## What needs to be done:
What you return should match the data below exactly, with no pictures in it.

## Provided data:
== Segment start ==
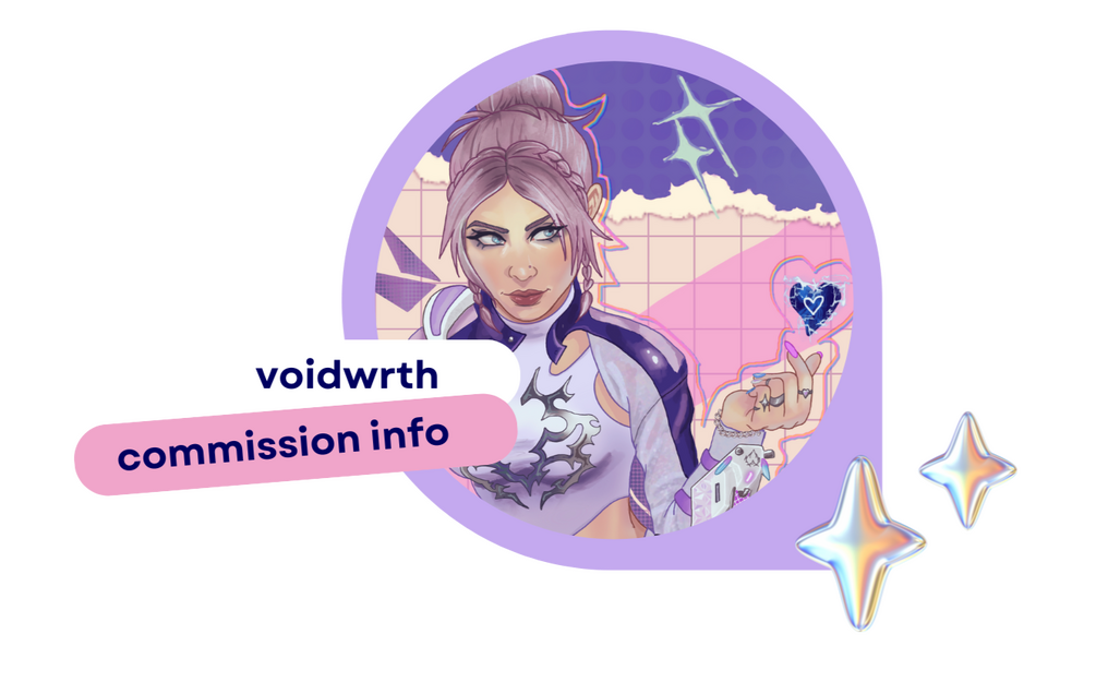 Commissions are for personal use only. Artwork may be used as profile pictures, banners, stream starting/ending screens but may not be used for profit. (e.g. merchandise, stickers) without prior permission.When reposting please credit my twitter @voidwrth and leave my signature visible.Do not feed my art to AI.I retain all rights to my art and may add works to my portfolio or upload to my socials (with watermark). For fanart commissions, I reserve the right to post/use/resell the work as merch or prints. If you prefer your commission to remain private, please let me know.Once the finalized artwork is approved, I will email you a full res .png file of the work. No physical product will be delivered.â°TURNAROUND TIMEI do not currently operate a waitlist and only accept one commission at a time. Once your slot is confirmed, you have my undivided attention!Turnaround time may vary depending on complexity but once I have started work I aim to finish a commission within 1-2 months. I value quality and detail and put many hours into my drawings, so please be patient, but you are welcome to ask for updates if there hasn't been one in a while! I normally provide updates at the rough sketch, flat colors, and final check phases.If you have a deadline in mind please let me know upfront!đ”PAYMENTPayment is in USD, via Paypal invoice50% payment upfront and the remaining 50% upon approval of the rough sketch.I will not start working on your commission until payment is made. If no payment is made within a week of receiving the invoice (without reasonable communication) you may lose your slot and it will be offered to someone else.âCHANGES & CANCELLATIONSIf I can't provide/finish the artwork for any reason on my end you will be given a full refund.If you cancel before I start work on your commision you will be given a full refund. If you request a refund at any time after payment but before completion, a partial refund may be given, depending on how much I have completed up to that point.No refunds after a drawing has been completed but if there's anything you are unsatisfied with please let me know - at the end of the day I want you to be happy! Small changes may be requested and provided free of charge but large changes may incur additional charges.By commissioning me, you confirm you have properly read, understand, and AGREE to the terms listed above. â€
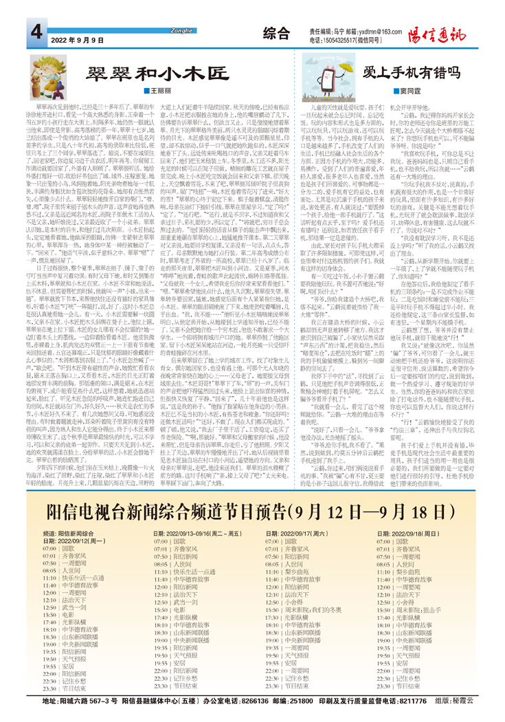 阳信电视台新闻综合频道节目预告(9月12日—9月18日)
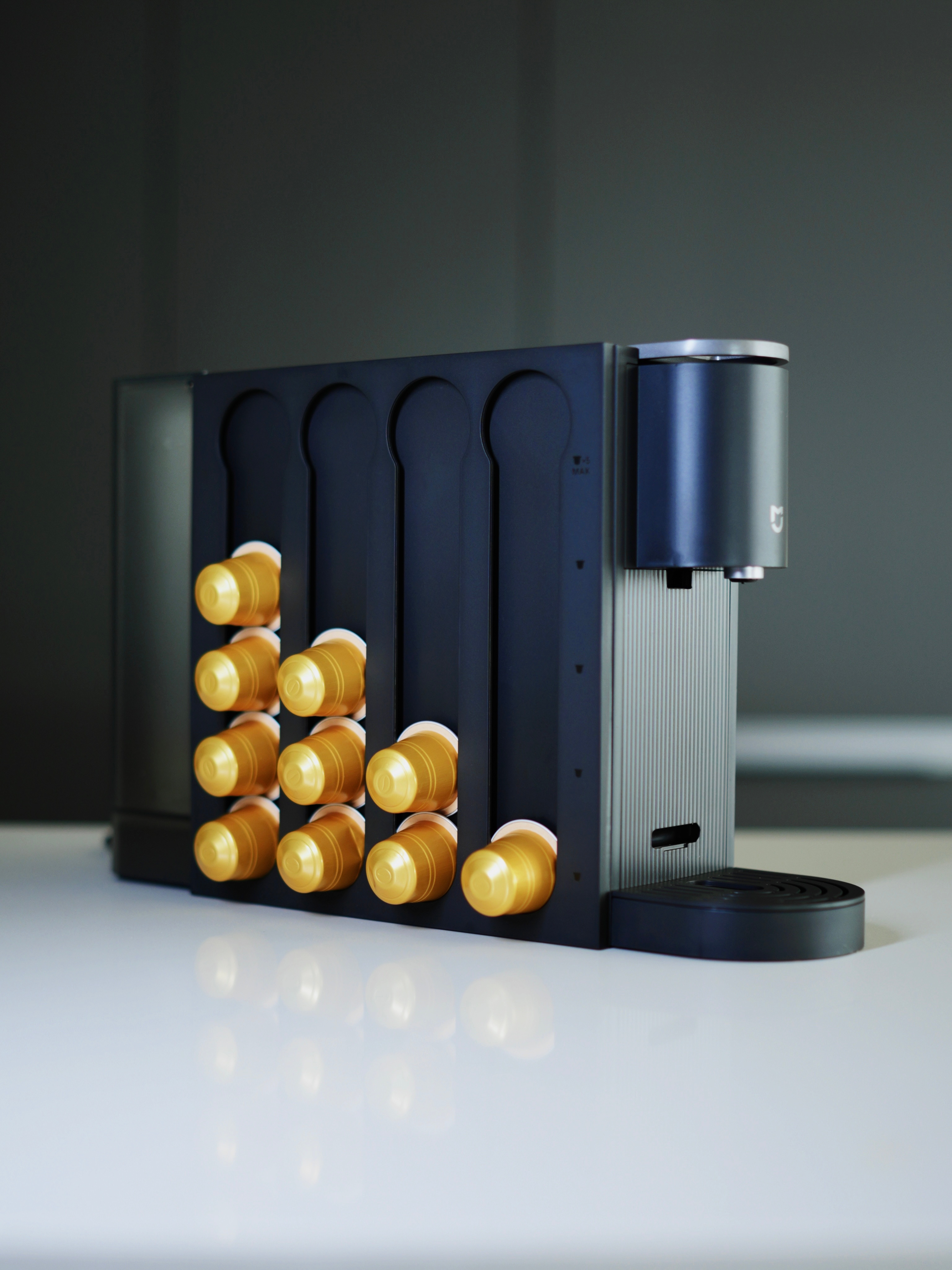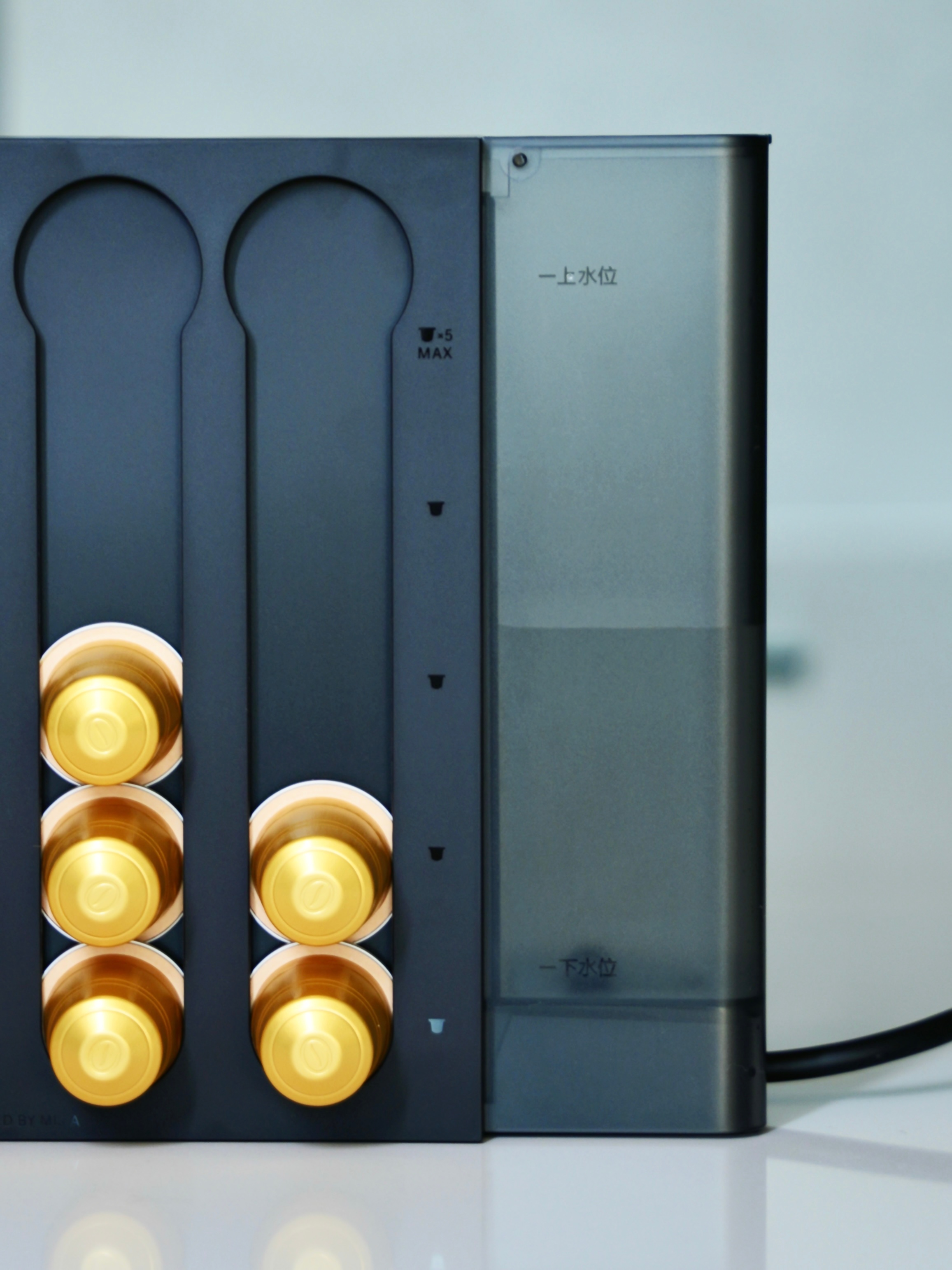 前段时间公司小伙伴天天吵着要咖啡机,说早上来了提神用,商讨过手冲、半自动咖啡机,最后还是败给了他们的懒。美名其曰一忙起来根本没时间磨豆调参数,于是就给他们入手了米家胶囊咖啡机S1,让他们真正实现了咖啡自由。尺寸不是很大,直接摆在角落,一点不占地方,甚至放在办公桌上都不突兀。最贴心的是机身侧面的磁吸胶囊挂架,能吸20颗胶囊,不用额外买收纳盒,随手就能拿。操作很简单,加水直接拆水箱就行,650ml容量,倒一瓶矿泉水刚好。开机后预热很快,胶囊直接塞进顶部的卡槽,盖上盖子自动固定,选大杯或小杯按键,等着出咖啡就行。平时做意式浓缩用40ml小杯,想喝美式就选110ml大杯。性价比也没话说,不到500块的价格,赶上促销或国补300多就能入手,比一线品牌的胶囊机便宜不少。而且不用专业知识,不用复杂操作,1分钟就能喝上热咖啡,桌面咖啡角轻松搞定。
== Segment end ==
## Written solution:
 Commissions are for personal use only. Artwork may be used as profile pictures, banners, stream starting/ending screens but may not be used for profit. (e.g. merchandise, stickers) without prior permission.When reposting please credit my twitter @voidwrth and leave my signature visible.Do not feed my art to AI.I retain all rights to my art and may add works to my portfolio or upload to my socials (with watermark). For fanart commissions, I reserve the right to post/use/resell the work as merch or prints. If you prefer your commission to remain private, please let me know.Once the finalized artwork is approved, I will email you a full res .png file of the work. No physical product will be delivered.â°TURNAROUND TIMEI do not currently operate a waitlist and only accept one commission at a time. Once your slot is confirmed, you have my undivided attention!Turnaround time may vary depending on complexity but once I have started work I aim to finish a commission within 1-2 months. I value quality and detail and put many hours into my drawings, so please be patient, but you are welcome to ask for updates if there hasn't been one in a while! I normally provide updates at the rough sketch, flat colors, and final check phases.If you have a deadline in mind please let me know upfront!đ”PAYMENTPayment is in USD, via Paypal invoice50% payment upfront and the remaining 50% upon approval of the rough sketch.I will not start working on your commission until payment is made. If no payment is made within a week of receiving the invoice (without reasonable communication) you may lose your slot and it will be offered to someone else.âCHANGES & CANCELLATIONSIf I can't provide/finish the artwork for any reason on my end you will be given a full refund.If you cancel before I start work on your commision you will be given a full refund. If you request a refund at any time after payment but before completion, a partial refund may be given, depending on how much I have completed up to that point.No refunds after a drawing has been completed but if there's anything you are unsatisfied with please let me know - at the end of the day I want you to be happy! Small changes may be requested and provided free of charge but large changes may incur additional charges.By commissioning me, you confirm you have properly read, understand, and AGREE to the terms listed above. â€
 阳信电视台新闻综合频道节目预告(9月12日—9月18日)
 前段时间公司小伙伴天天吵着要咖啡机,说早上来了提神用,商讨过手冲、半自动咖啡机,最后还是败给了他们的懒。美名其曰一忙起来根本没时间磨豆调参数,于是就给他们入手了米家胶囊咖啡机S1,让他们真正实现了咖啡自由。尺寸不是很大,直接摆在角落,一点不占地方,甚至放在办公桌上都不突兀。最贴心的是机身侧面的磁吸胶囊挂架,能吸20颗胶囊,不用额外买收纳盒,随手就能拿。操作很简单,加水直接拆水箱就行,650ml容量,倒一瓶矿泉水刚好。开机后预热很快,胶囊直接塞进顶部的卡槽,盖上盖子自动固定,选大杯或小杯按键,等着出咖啡就行。平时做意式浓缩用40ml小杯,想喝美式就选110ml大杯。性价比也没话说,不到500块的价格,赶上促销或国补300多就能入手,比一线品牌的胶囊机便宜不少。而且不用专业知识,不用复杂操作,1分钟就能喝上热咖啡,桌面咖啡角轻松搞定。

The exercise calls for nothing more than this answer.